Currently attrgetter accepts dotted path while getting attributes from an object. I propose it should not only accept dotted paths, but other separators as well. Like this:
Allowing different types of separators in attrgetter will help users by a nested attribute path which is not dotted (could be something else such as underscore, or slash).
For example, in Django, they use __ as nested relation in ORM. Hence if we define the following code a nested relation (simplified example):
class B:
name = 'A'
class A:
b = B()
Then in Django, you should be able to get data for B from A (only in ORM, not in actual objects) then you can use the following code.

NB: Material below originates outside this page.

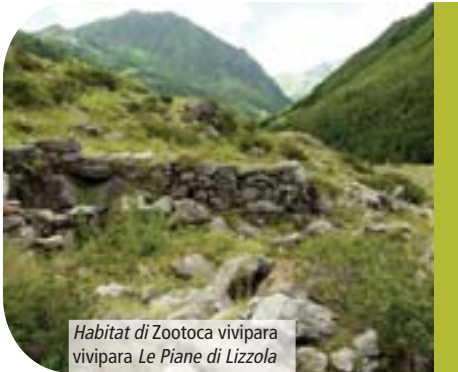
Habitat di Zootoca vivipara vivipara Le Piane di Lizzola

Al termine di tutti questi rilievi ogni animale è stato liberato nell'esatto luogo di cattura. Importanti osservazioni sull'habitat hanno permesso di valutare eventuali minacce. I campioni raccolti sono stati inviati presso il CEALP Fondazione Mach di Trento che ha effettuato le analisi. I risultati hanno dimostrato la presenza di lucertola vivipara della Carniola in 6 nuove stazioni nel Parco. Le due sottospecie sembrano per ora complementari, sia per quanto riguarda l'areale distributivo, sia per quanto riguarda le quote altimetriche: lucertola vivipara della Carniola è presente da 950 m a 1.880 m di quota; lucertola vivipara si può osservare tra 1.150 m e 2.300 m. La sottospecie "vivipara" è presente in tutta la Val di Scalve, dal fondovalle fino ad oltre 2.000 m; in Valle Seriana è presente nel versante orografico sinistro fino al gruppo della Presolana e lungo il versante orografico destro fino all'altezza di Valgoglio. A meridione di questa zona è stata invece osservata

A.objects.values('b__name')
If we allow separators in attrgetter, then we can resonate this behavior at object level.
>>a = A.objects.create(**kwargs) # its an example relevant to Django
>>print(attrgetter(a, 'b__name'))
A
If we allow having separator, it will be bit more consistent for users of attrgetter and it should be a simple enough change.
As noted in issue #46151, the operator module was intended to and generally does expose internal functions, as they are coded in C in CPython, to Python itself. That issue created a small special-case exception to facilitate the use of attrgetter as a key function in .sort and other methods and functions. The previous option was to instead write a lambda function. I do not believe that #46151 intended to generally open operator and attrgetter to additions beyond the functions exposed.

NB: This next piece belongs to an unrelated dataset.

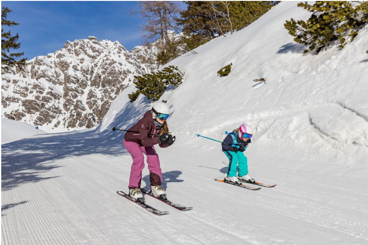
Ein Skigebiet für die ganze Familie: Brandnertal

attrgetter(string) returns a function meant to be called with an object that has an attribute named by the string. In the example above, attrgetter(a, 'b__name') must instead be attrgetter('b__name')(a). If one is passing a string linteral, as is the usual case I think, one can just as well, and even easier, pass the normal, legal python syntax. attrgetter('b.name')(a) works now, as I just verified.
If one wants to pass python object attribute names in string variables with app-specific non-pyobject syntax, such as s='b__name', it is not unreasonable to have the app or app user provide a conversion function. In this case,
def at(s): return s.replace('__', '.') # Convert Django ORM attr name to python object dotted name.
j = 'b__name'
attrgetter(at(j))(a)
# prints 'A' (verified)
(The use of .replace was suggested by sobolevn in a comment.